Voices Offstage: ensemble / together

by Monika Gintersdorfer

In early March 2020, after our last performance of Nana ou est-ce que tu connais le bara? in Paris we split up, tired and more or less happy, and everyone went “home”. For some this just meant catching the next Métro, others had to board planes to Abidjan, Berlin, Bremen, Vienna, New York, L.A. or Mexico City.

So we said goodbye, bisou bisou, and weren’t that sad since we were scheduled to play the next Nanas four weeks later in Bremen.

Then came the cancellation of tour dates, corona curfews and the travel ban. The consequences: Residency permits could no longer be renewed on time; they expire in the same way as previously booked flights to the next performances do. Gone in a puff – some of us have been without papers and work since April.

What has become of the transnational group we built up over four years?

At present it is being blown apart by the nationally minded controls that have won through everywhere, at least for the time being. Current corona regulations once more really bring home how dependent we are and how fragile our conditions are. We have practice in dealing with restrictions: maybe some visas and titres de séjour couldn’t be acquired on time, forcing us to substitute disappointed performers. Except that affected just one or two, not everyone at the same time.

Being unable to travel for the foreseeable future will crash our lives between the continents, the very heart of our work and, by now, also of our artistic and personal identities.
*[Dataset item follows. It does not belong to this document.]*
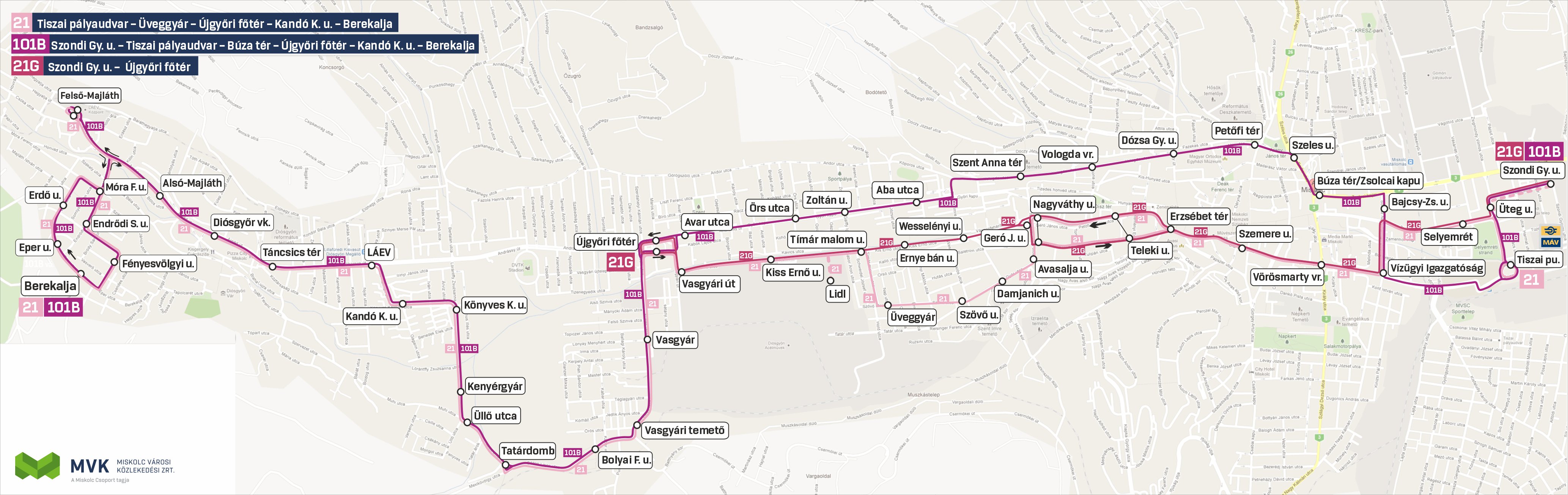 - a Tiszai pályaudvar – Újgyőri főtér szakaszon közlekedők a 101B-s autóbuszok mellett az 1-es, 21-es, és 21G-s járatokat is igénybe vehetik utazásukhoz;

A highly unpleasant vision that shatters the edifice supporting not only the individual artists, but also their immediate and their extended families, their personal relationships and financial security.
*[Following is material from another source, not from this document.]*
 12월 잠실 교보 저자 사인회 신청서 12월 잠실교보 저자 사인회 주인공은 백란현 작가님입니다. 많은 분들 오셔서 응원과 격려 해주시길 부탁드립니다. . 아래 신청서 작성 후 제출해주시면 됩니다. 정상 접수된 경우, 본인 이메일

For us, returning to a local existence is a nightmare; we want to continue our transnational work so as to counter a Eurocentric world and notion of culture with our many-voiced alternative. Not only on a theoretical level, but also in each moment we spend together. We are an ensemble, an ensemble without a fixed venue. No one is responsible for us, no city, no institution. We can only be together when we are allowed to travel, and we can only travel when we have work and the borders are open.

In times of corona, formalities and conformity gain the upper hand. Married couples, salaried employees, taxpayers, registered residents who are insured members of the Künstlersozialkasse, the artists’ security fund in Germany, can be counted and will, at best, also receive support. For many of them, things nonetheless remain difficult. But what about those who drop through the net, those with double and triple identities without clearly legible status, those who fit into no category?

How can you prohibit young La Fleur members like Alaingo, Ordinateur or Annick from travelling for climate reasons? Travels they weren’t even able to make until recently, travel that connects them to their work and their families? Travel that European closed-door policies have repeatedly impeded? Transnationality and climate concern should not be played off against each other; instead, we need to find new ways of balancing them. To protect the climate we would be glad to travel less: This would be possible if the various theatres coordinated their schedules among each other. This would be possible if we were given grants and accommodation so we could stay for longer in certain places and not have to constantly rush back and forth.